Other domestic fiction favorites at the festival included special screenings of Peter Care's "Dangerous Lives of Altar Boys" and Dylan Kidd's "Roger Dodger." But it was largely the foreign films that drew the most fans. Italy's comic drama about commitment, "The Last Kiss," sold out its two scheduled screenings and received an additional slot; the Inuit epic "The Fast Runner" won the audience award for dramatic film, and the foreign films in the competition swept the juried awards, with Iran's "Secret Ballot" taking the top prize and France's "Read My Lips" winning prizes for best director (Jacques Audiard) and best actress (Emmanuelle Devos).
Newport's panels were also meatier than expected.
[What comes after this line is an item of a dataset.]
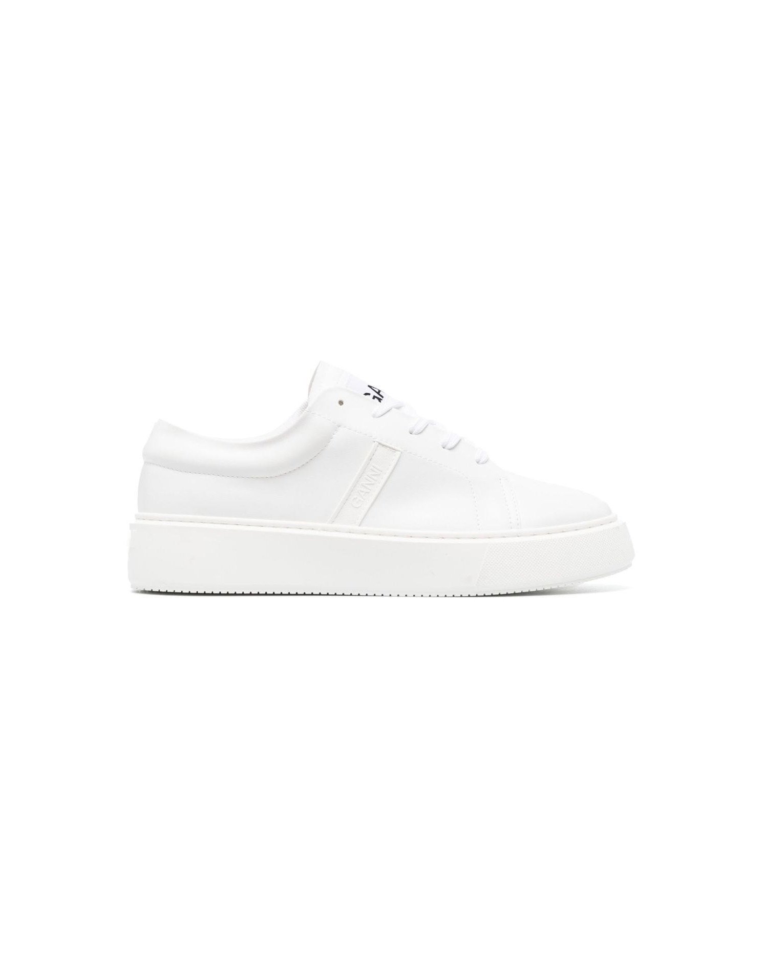 Білий. Тиснений логотип збоку. Тиснений логотип позаду. Закруглений носок. Шнурівка спереду. Нашивка з логотипом на язичку. Устілка з логотипом. Плоска гумова підошва.

One called "Truth as Drama" (also sponsored by the ever-present HBO) got heated around a discussion of racism depicted in "Two Towns of Jasper." Another panel, "She Said, She Said," grouped five female producers to hash out the challenges of their job, from facing male prejudice in their crews to sustaining a career through motherhood to the obstacles fostering women directors. But it was IFC Production's Caroline Kaplan that left with the quotation of the afternoon: "I don't want to fuck her, so I don't want to cast her," Kaplan recounted hearing from male executives about casting an older actress.
That comment was about as dirty and bitter as things got in Newport. By all accounts, filmmakers traveled from hotels to screenings to parties satisfied with the mellow vibe and attentive audiences. The only exception was perhaps Friday night's party at Beacon Rock, a mansion overlooking Newport Harbor fashioned after the Greek Parthenon, complete with white columns and marble porches, where hungry filmmakers faced an hors d'oeuvres spread of Twinkies, Ding Dongs, and cheese puffs.